Based on abstract + metadata only. Check the source paper before making high-confidence protocol decisions.

Key Takeaways

  • Out-of-domain (OOD) robustness is challenging to achieve in real-world computer vision applications, where shifts in image background, style, and acquisition instruments always degrade model performance.
  • Generic augmentations show inconsistent gains under such shifts, whereas dataset-specific augmentations require expert knowledge and prior analysis.
  • Moreover, prior studies show that neural networks adapt poorly to domain shifts because they exhibit a learning bias to domain-specific frequency components.

Researcher Actions

  • Compare this paper against nearby papers in the same arXiv category before using it for protocol decisions.
  • Check the full text for explicit evaluation design choices (raters, protocol, and metrics).
  • Use related-paper links to find stronger protocol-specific references.

Caveats

  • Generated from abstract + metadata only; no PDF parsing.
  • Signals below are heuristic and may miss details reported outside the abstract.

Related Papers

Papers are ranked by protocol overlap, extraction signal alignment, and semantic proximity.

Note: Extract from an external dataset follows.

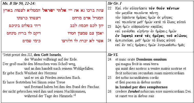 "Voor het onderzoek in Sirach is G. in een aanzienlijk deel de primaire bron. Dat geldt niet voor Sirach 44-50 waar MS B en deels M beschikbaar zijn. G. is te beschowen als primaire vertaling. In het exegetisch onderzoek van Ben Sira word te snel teruggegrepen op G. ten koste van H. De oorzaak ligt niet allen in de canonieke waardering van G., ook in de poging om de Urtext van H. vast te stellen met behulp van G. en S." #293.Er differenziert die verschiedenen Priestertraditionen, in die Sirach den Hohepriester Simon stellt, und die Bezüge, die diesen Höhepunkt des Väterlobes prägen. Von besonderem Interesse ist seine Diskussion der Darstellung des Simon bei Ben Sira im Unterschied zur späteren des Josephus.]

No related papers found for this item yet.

Get Started

Join the #1 Platform for AI Training Talent

Where top AI builders and expert AI Trainers connect to build the future of AI.
Self-Service
Post a Job
Post your project and get a shortlist of qualified AI Trainers and Data Labelers. Hire and manage your team in the tools you already use.
Managed Service
For Large Projects
Done-for-You
We recruit, onboard, and manage a dedicated team inside your tools. End-to-end operations for large or complex projects.
For Freelancers
Join as an AI Trainer
Find AI training and data labeling projects across platforms, all in one place. One profile, one application process, more opportunities.